→ What is expected
The lines needed run from the one that contains "In the recent" through the end of the material below, both included; write them out exactly, with no pictures.
☆ ☆ ☆ ☆
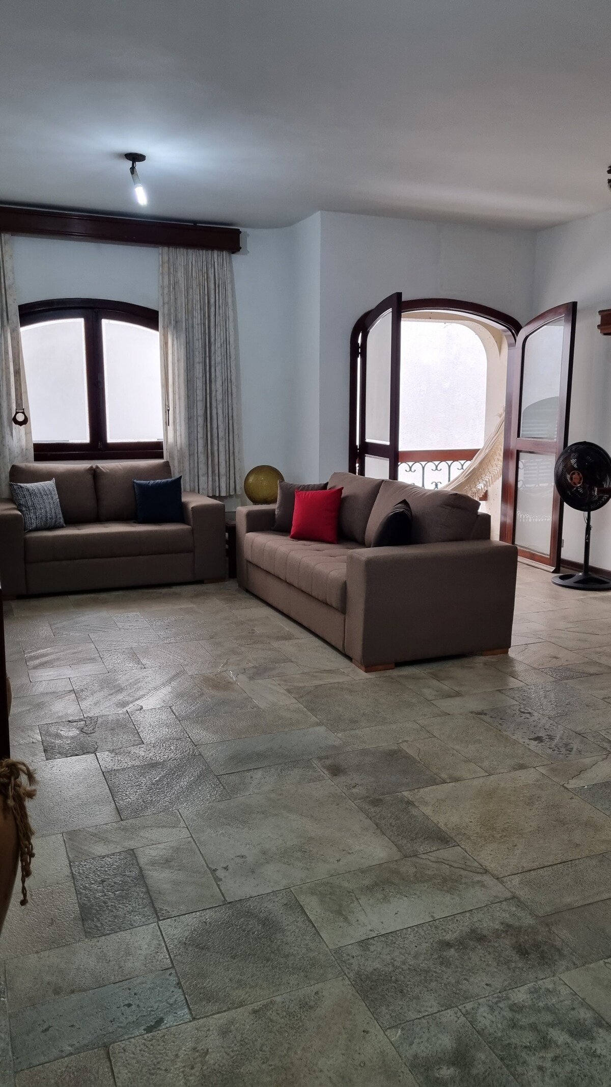 Bel appartement, décoration clean. Il y a 3 chambres, dont 1 suite avec un lit double et les 2 autres qui ont des lits simples identiques qui peuvent être réunis pour former un lit double. La salle peut accueillir 2 personnes supplémentaires. Climatisation individuelle dans toutes les chambres et le salon. Pour ceux qui aiment profiter de la nuit, l'endroit est très proche de la promenade d'Enseada (2 pâtés de maisons de la plage) où il y a des bars, des restaurants, des snack-bars et des magasins. Endroit plus calme et fréquenté par les familles en vacances.
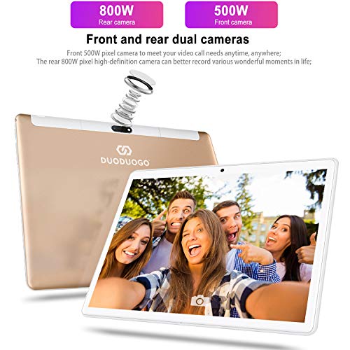 DUODUOGO Tablet 10 Pollici Android 13, Tablets 8GB RAM+64GB ROM/256 GB Espandibile, 5+8MP Dual SIM Tablet Pc Quad core 8000mAh/WIFI/Bluetooth/GPS/Type-C, Oro
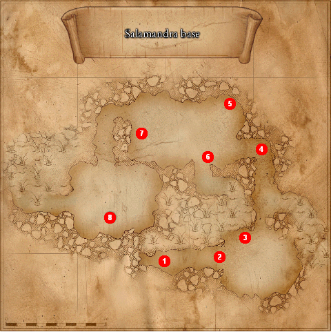 2) Cast Aard to break barrier 3) Trunk: Curses and the Cursed 4) You will meet up with your ally (Siegfried or Yaevinn) here 5) Salamandra Mage Stone of Power Circle of Waning Magic - Yrden +50% Crate: Sun Rune 6) Alvaro's Portal 7) Azar Javed 8) Laboratory Enemies: |
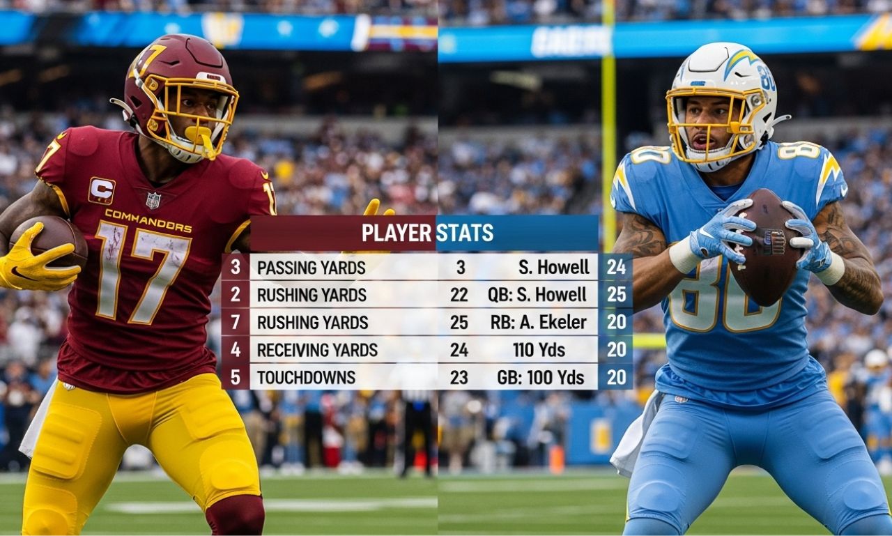 In the recent Washington Commanders vs. Chargers NFL matchup, the Commanders secured a commanding 27‑10 victory over the Los Angeles Chargers on October 5, 2025 at SoFi Stadium in Inglewood, California. This game featured standout performances, a strong defensive effort, and notable contributions from both offenses and defenses. Below we break down the key player stats and game highlights for this memorable matchup. Final Score and Team Overview Washington Commanders: 27 Los Angeles Chargers: 10 Commanders scored 27 unanswered points after giving up the early lead. Washington rallied from a 10‑0 first‑quarter…
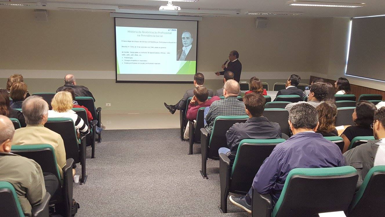 Retorno ao trabalho e reabilitação foi a terceira e última parte da aula e ficou a cargo do Dr. Roberto Ribas Suss, que atua como perito do INSS e analista do seguro social. Ele apresentou diversos cases sobre o tema.
☆ ☆ ☆ ☆
→ Response box
 In the recent Washington Commanders vs. Chargers NFL matchup, the Commanders secured a commanding 27‑10 victory over the Los Angeles Chargers on October 5, 2025 at SoFi Stadium in Inglewood, California. This game featured standout performances, a strong defensive effort, and notable contributions from both offenses and defenses. Below we break down the key player stats and game highlights for this memorable matchup. Final Score and Team Overview Washington Commanders: 27 Los Angeles Chargers: 10 Commanders scored 27 unanswered points after giving up the early lead. Washington rallied from a 10‑0 first‑quarter…
 Retorno ao trabalho e reabilitação foi a terceira e última parte da aula e ficou a cargo do Dr. Roberto Ribas Suss, que atua como perito do INSS e analista do seguro social. Ele apresentou diversos cases sobre o tema.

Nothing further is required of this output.